The cruelest irony of all? Y Combinator used to stand for something. It used to be the place where actual engineers built actual companies and shipping meant something real. Now it’s led by a guy who thinks he’s discovered the cheat code to software development by essentially hiring an infinite monkey army and pointing them at a keyboard. And the worst part? He’s probably going to get away with it. He’s going to get more funding, more podcast appearances, more think-pieces about how AI is “democratizing” development. Meanwhile, his codebases will quietly rot in production, maintained by people who are too polite to say “this is garbage” out loud.

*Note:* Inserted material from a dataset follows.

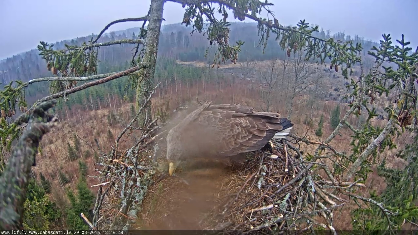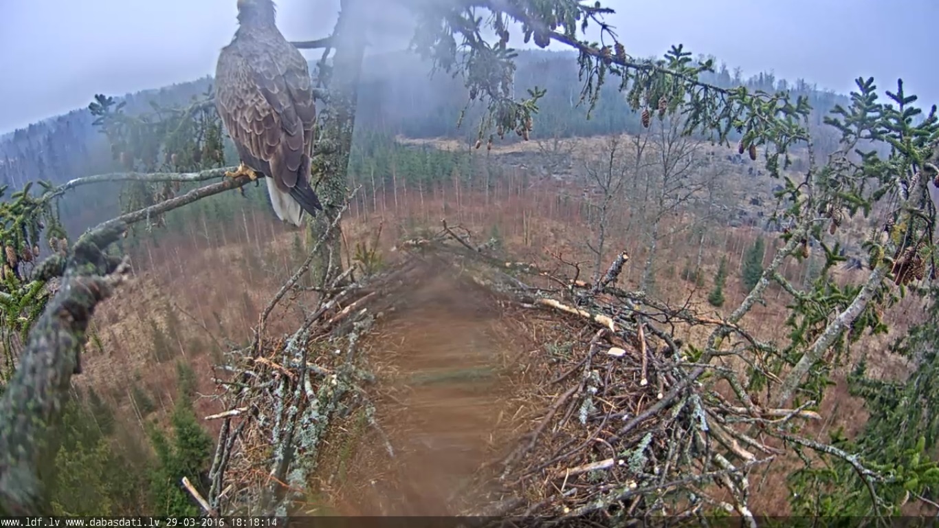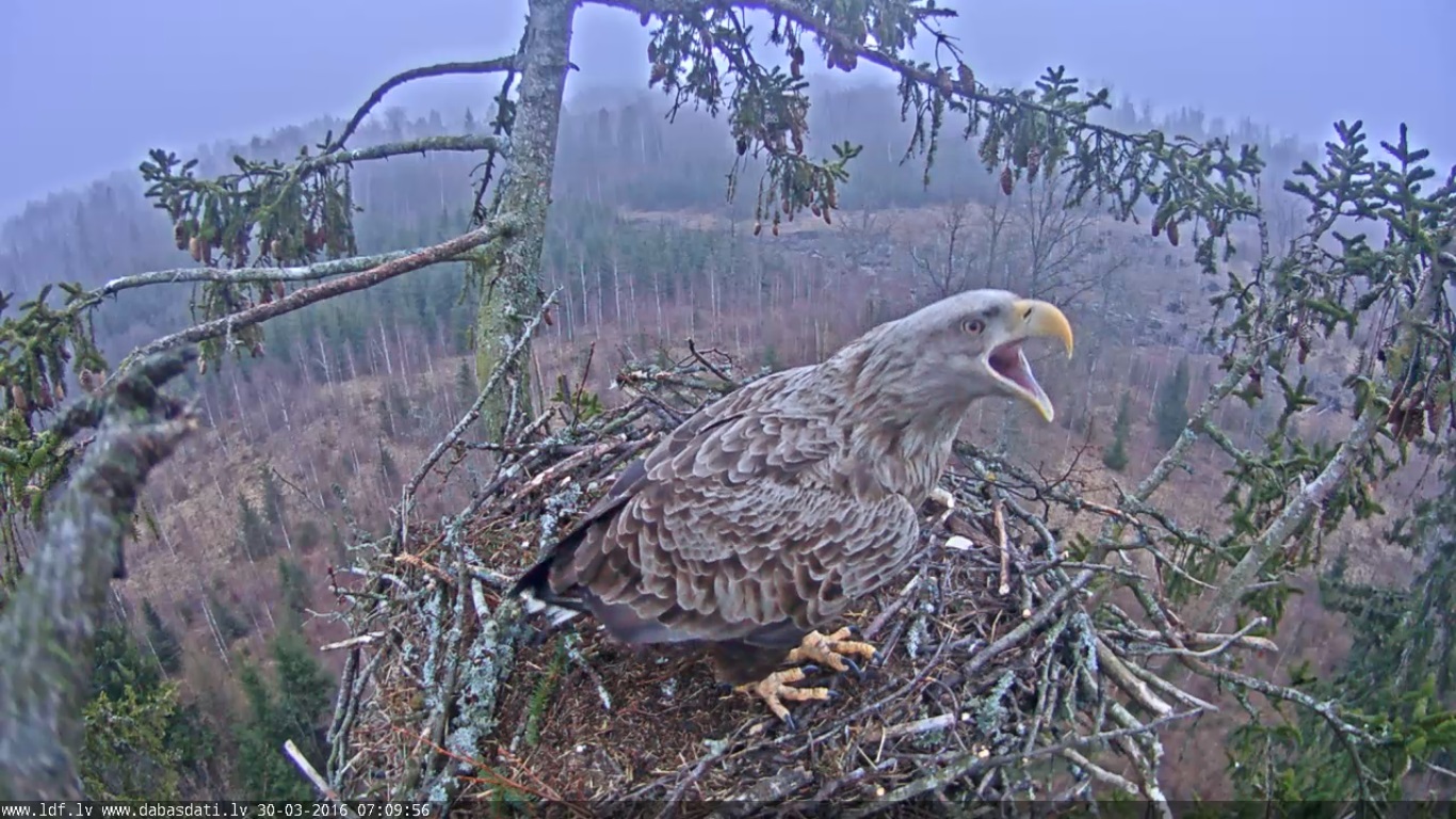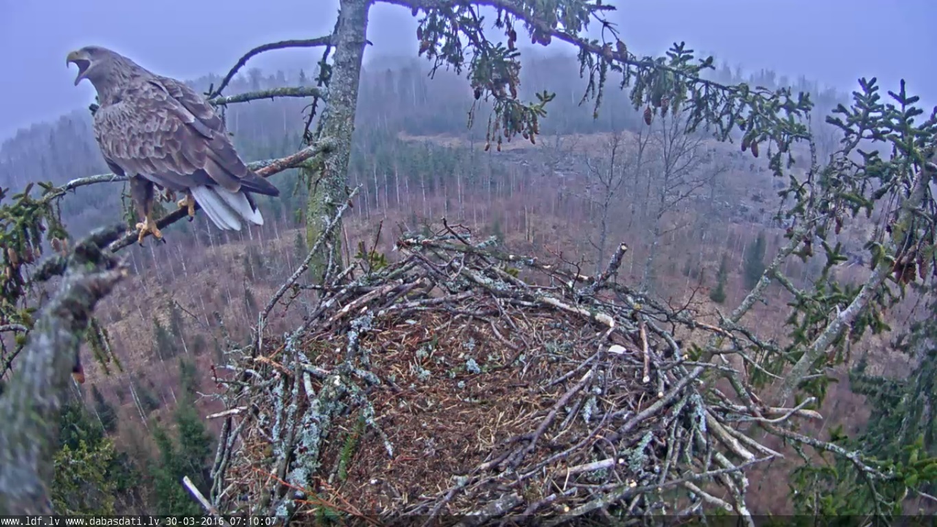 No 7:09-7:12 Ansis ligzdā un zarā--sauc,kā traks--Egle turpat tuvumā,bet nerādās un arī sauc---kaut kāda traka bļaušana šorīt mūsu ērgļu pārim:

But I’ll say it. This is garbage. Thirty-seven thousand lines per day of the most bloated, inefficient, over-engineered slop the world has ever seen, and it’s being celebrated as genius. Congratulations, Garry. You’ve successfully marketed diarrhea as a feature. You’ve convinced an entire generation of founders that quantity is the only metric that matters. You’ve made “move fast and break things” look like a goddamn manifesto for responsible engineering.

If you ever meet this man, buy him a copy of “The Pragmatic Programmer” and a gift card to a mental health professional. He’s going to need both.

Now if you’ll excuse me, I’m going to go write approximately 200 lines of code that actually work, with tests, and I’ll feel like a goddamn artisan in comparison. And that’s the most depressing part of all — being a mediocre, thoughtful developer feels like a downgrade now. What a time to be alive.